Venezuelans and Cayman national acquitted on gold smuggling charges

Gold found at Heathrow Airport

GEORGE TOWN, Cayman Islands (CNS) –  A jury reached not guilty verdicts last week on all charges against a group of men accused of smuggling over $6 million worth of dirty gold across international borders, believed to be the proceeds of crime. After a trial lasting more than a dozen weeks, beset by numerous delays, the men were finally acquitted Friday.

The case was complex. Prosecutors were unable to present an actual crime, depending on a suspicious paper trail to prove the gold was dirty, but the jury was not convinced.

Daniel Alberto Aguilar Ferriozi, Antonio Di Ventura Herrera and Juan Carlos Gonzales Infante, all Venezuelan nationals, walked free alongside the only local resident charged in the case, gold broker Kody Zander.

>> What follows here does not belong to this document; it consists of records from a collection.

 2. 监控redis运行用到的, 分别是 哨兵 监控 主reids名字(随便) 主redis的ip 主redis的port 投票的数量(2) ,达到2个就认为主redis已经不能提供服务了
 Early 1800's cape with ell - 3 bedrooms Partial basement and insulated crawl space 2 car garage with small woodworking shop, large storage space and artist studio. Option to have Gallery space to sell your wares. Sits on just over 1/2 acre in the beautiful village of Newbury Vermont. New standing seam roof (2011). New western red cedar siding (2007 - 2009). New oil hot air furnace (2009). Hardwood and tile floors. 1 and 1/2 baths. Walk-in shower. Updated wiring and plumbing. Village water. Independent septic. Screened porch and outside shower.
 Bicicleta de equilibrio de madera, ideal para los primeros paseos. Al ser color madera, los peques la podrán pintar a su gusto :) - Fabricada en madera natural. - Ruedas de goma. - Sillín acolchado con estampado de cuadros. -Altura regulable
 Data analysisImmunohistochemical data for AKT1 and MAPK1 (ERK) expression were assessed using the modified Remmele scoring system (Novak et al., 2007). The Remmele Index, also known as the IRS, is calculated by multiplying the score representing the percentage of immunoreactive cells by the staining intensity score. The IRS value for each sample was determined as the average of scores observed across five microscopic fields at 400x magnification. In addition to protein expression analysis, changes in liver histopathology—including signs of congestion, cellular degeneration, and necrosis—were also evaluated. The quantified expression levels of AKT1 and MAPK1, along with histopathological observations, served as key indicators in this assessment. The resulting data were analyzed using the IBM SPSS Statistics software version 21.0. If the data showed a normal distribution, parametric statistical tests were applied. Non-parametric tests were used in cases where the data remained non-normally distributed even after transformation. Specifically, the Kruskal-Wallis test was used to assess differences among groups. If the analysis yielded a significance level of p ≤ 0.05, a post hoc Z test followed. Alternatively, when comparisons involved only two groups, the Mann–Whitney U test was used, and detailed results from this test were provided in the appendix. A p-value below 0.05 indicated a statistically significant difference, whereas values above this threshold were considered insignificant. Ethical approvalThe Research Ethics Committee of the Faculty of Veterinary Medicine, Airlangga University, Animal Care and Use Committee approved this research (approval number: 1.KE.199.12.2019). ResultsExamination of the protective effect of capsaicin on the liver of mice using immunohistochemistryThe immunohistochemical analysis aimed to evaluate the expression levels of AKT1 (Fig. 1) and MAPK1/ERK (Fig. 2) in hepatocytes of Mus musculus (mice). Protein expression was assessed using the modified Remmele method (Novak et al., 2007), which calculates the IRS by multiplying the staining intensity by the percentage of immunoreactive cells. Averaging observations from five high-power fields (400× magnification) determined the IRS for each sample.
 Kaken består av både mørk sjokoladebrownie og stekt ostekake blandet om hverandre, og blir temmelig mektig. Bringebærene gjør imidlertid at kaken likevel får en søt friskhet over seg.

The case, which also involved the UK’s National Crime Agency, opened after cash was found under the floorboards on a private jet that had been used to transport the second shipment of gold, worth more than $2 million, in May last year. As a result, the pilot and co-pilot were the first of the group to be arrested. However, when investigators here and in London began looking at the gold, the two passengers were also arrested, and a short time later the gold broker.

The inquiry also revealed that an earlier shipment of gold, worth around $4 million, had also been shipped about a week before through Cayman to London using the same jet.

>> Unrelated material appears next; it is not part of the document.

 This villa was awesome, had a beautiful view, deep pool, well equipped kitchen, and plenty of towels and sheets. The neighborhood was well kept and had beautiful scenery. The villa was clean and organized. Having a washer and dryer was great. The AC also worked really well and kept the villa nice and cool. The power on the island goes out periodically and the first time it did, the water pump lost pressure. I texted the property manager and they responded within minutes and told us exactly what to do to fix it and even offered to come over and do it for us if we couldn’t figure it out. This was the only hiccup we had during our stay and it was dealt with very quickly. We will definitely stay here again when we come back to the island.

The UK investigators believed that the gold was linked to South American criminal gangs and was likely to be the proceeds of drug dealing. But all the men who were involved denied the charges from the get-go, claiming the gold was from legitimate business sources, while Zander stated he had no reason to suspect there was anything wrong with the gold shipments.

Meanwhile, the pilots denied knowing anything about the gold or the money, arguing that they were just contracted to fly the aircraft.

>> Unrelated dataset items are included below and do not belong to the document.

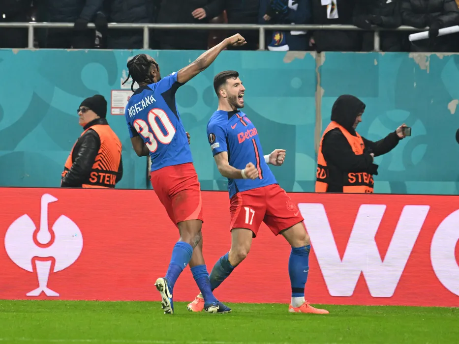 Fotbaliștii ros-albastrii Siyabonga Ngezana si Mihai Popescu se bucură după un gol marcat meciul de fotbal dintre FCSB si PAOK Salonic, din cadrul UEFA Europa League, desfasurat pe Arena Nationala din Bucuresti, joi 20 februarie 2025. © FOTO:Razvan Pasarica/SPORT PICTURES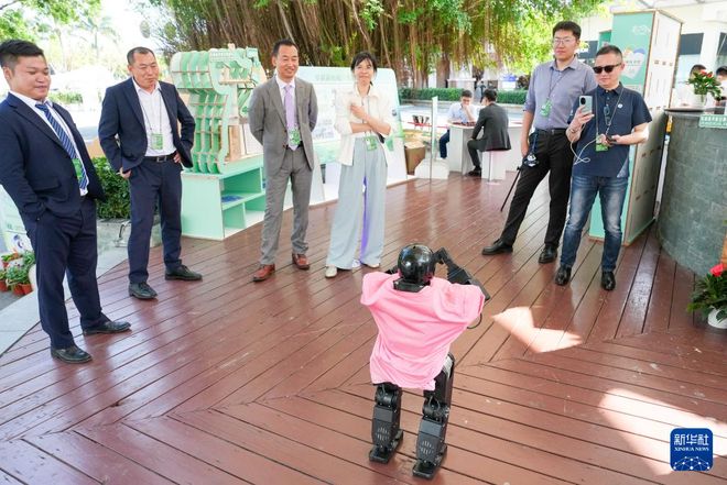 3月24日,人形机器人在海南省琼海市博鳌镇东屿岛与观众互动。博鳌亚洲论坛2026年年会期间,多款智能机器人集中亮相。从分论坛现场展示新技术的人形机器人,到会场内外全天候服务的水陆空智能清扫机器人、迎宾服务机器人等,多元智能设备全方位保障会议顺利进行,以科技力量促进智慧办会。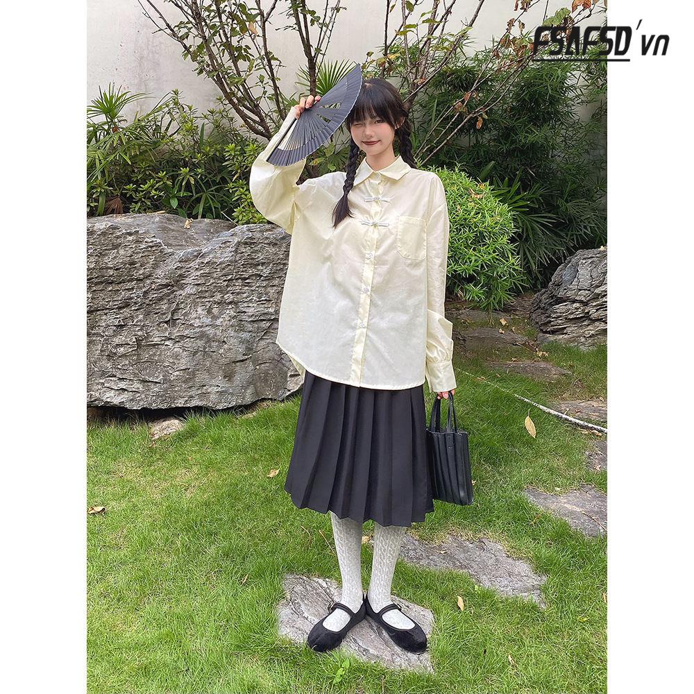 Mới Áo Sơ Mi Tay Dài Dáng Rộng Phong Cách Trung Hoa Cổ Điển Dành Cho Bạn Nữ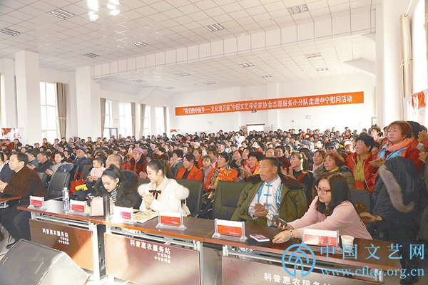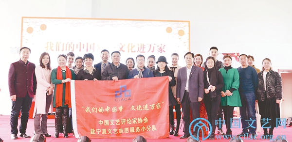 按照中宣部、中国文联统一部署,为全面贯彻落实党的十九大精神,深入学习贯彻习近平总书记给乌兰牧骑队员回信的重要指示精神,落实《中共中央宣传部等关于2018年元旦春节期间广泛开展“我们的中国梦”——文化进万家活动的通知》要求,2018年1月下旬、2月初,中国文艺评论家协会志愿服务小分队分赴新疆昌吉、阜康,内蒙古锡林郭勒盟和宁夏吴忠、中宁开展“我们的中国梦——文化进万家”慰问演出活动,为地方群众送去了丰富多彩的精神文化食粮。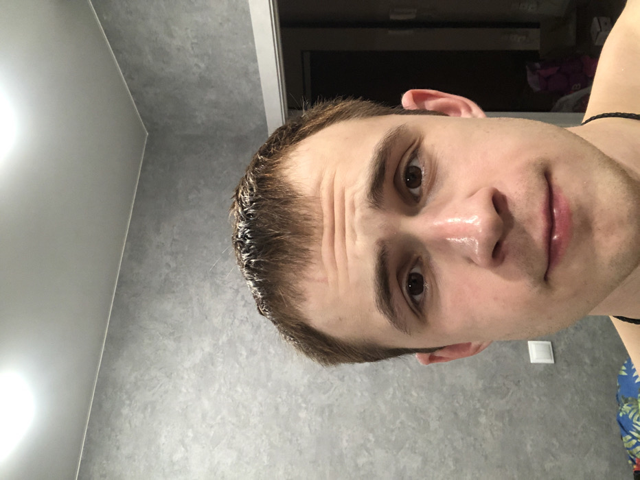 A light-skinned man faces the camera with a slight smile. His hair is short and wet. He has brown eyes and a straight nose. A black cord is visible around his neck. The background features a gray patterned wall and a glimpse into a darker room, suggesting an indoor setting, potentially a bathroom. A light switch can be seen on the wall.

James Hines QC, who led the prosecutions team and presented the crown’s case, had said from the beginning of the trial that he could not prove the criminal activity that had generated the gold or where it had come from; only that the behaviour of those involved, telecommunication messages and the paper trail all showed that these shipments were not legitimate, and the men were trying to launder this dirty gold.